* [Material provided]
::::

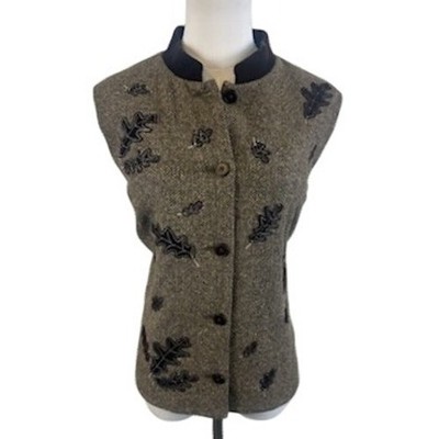 Vintage Talbots Wool Silk Nylon Velvet Tweed Vest Leaves Autumn Fall Size Large
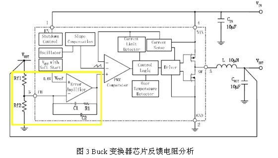 Buck變換器由于具有效率高的優點而被廣泛應用于手機、GPS、MP3等移動多媒體設備上,目前很多電源管理芯片制造廠商都推出了不同電流能力的Buck變換器,這類變 換器雖然在電流能力和保護功能方面存在一些差異,但是他們電路的主框架結構是基本一致的,主要可以分為兩個部分:一是實現電能轉換的主功率部分,另一部分 是實現負反饋控制的控制電路。下圖是BCD半導體公司的Buck變換器AP3406的典型應用圖,黃色框里是對反饋電阻的作用做簡要分析。
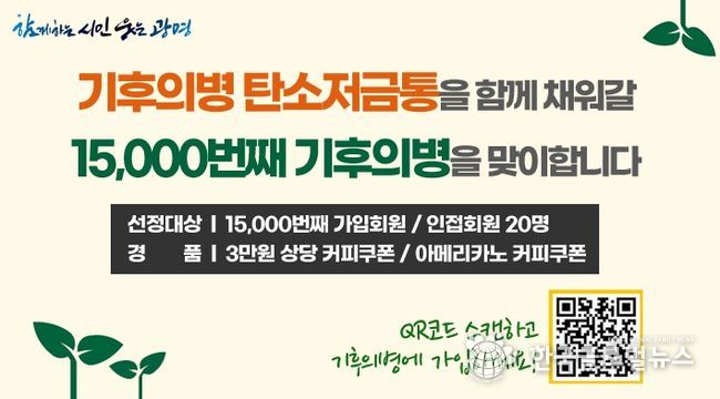 (한국글로벌뉴스 - 박소연 기자) 광명시가 1만 5천 번째 기후의병에게 3만 원 상당의 커피 상품권을 증정하는 이벤트를 실시한다고 12일 밝혔다.
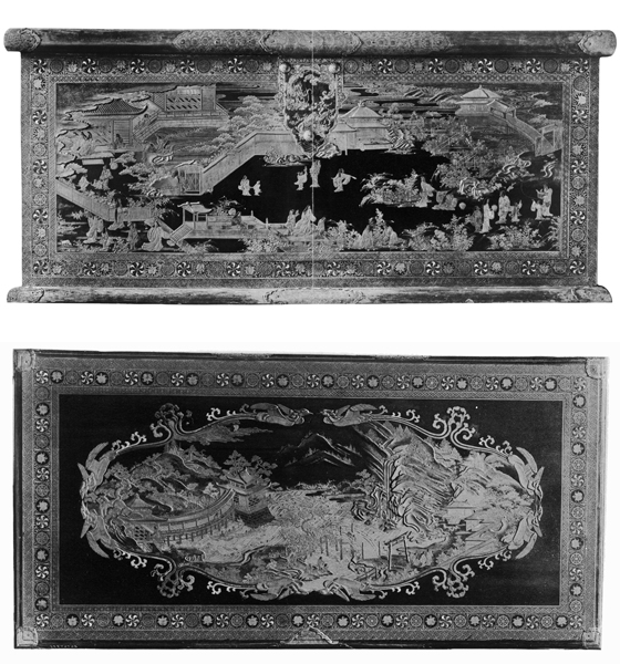 ケント州チディングストン城This large and elaborate casket in Renaissance form shares many features with the Mazarin Chest and other examples of high quality Japanese export lacquer produced during the 1630s and early 1640s (see in particular the V&A’s casket in Renaissance form, which is more modest in scale but comparable in terms of sophistication of production). Its decoration includes what appear to be references to the Tale of Genji, but because these are confined to small areas, it is difficult to identify the specific chapters to which they allude.

::::

* [Activity] Return the lines from the one that contains "(한국글로벌뉴스 - 박소연" through the final line of the listing above, inclusive. Transcribe them exactly and drop the pictures.

* [Expected answer]
 (한국글로벌뉴스 - 박소연 기자) 광명시가 1만 5천 번째 기후의병에게 3만 원 상당의 커피 상품권을 증정하는 이벤트를 실시한다고 12일 밝혔다.
 ケント州チディングストン城This large and elaborate casket in Renaissance form shares many features with the Mazarin Chest and other examples of high quality Japanese export lacquer produced during the 1630s and early 1640s (see in particular the V&A’s casket in Renaissance form, which is more modest in scale but comparable in terms of sophistication of production). Its decoration includes what appear to be references to the Tale of Genji, but because these are confined to small areas, it is difficult to identify the specific chapters to which they allude.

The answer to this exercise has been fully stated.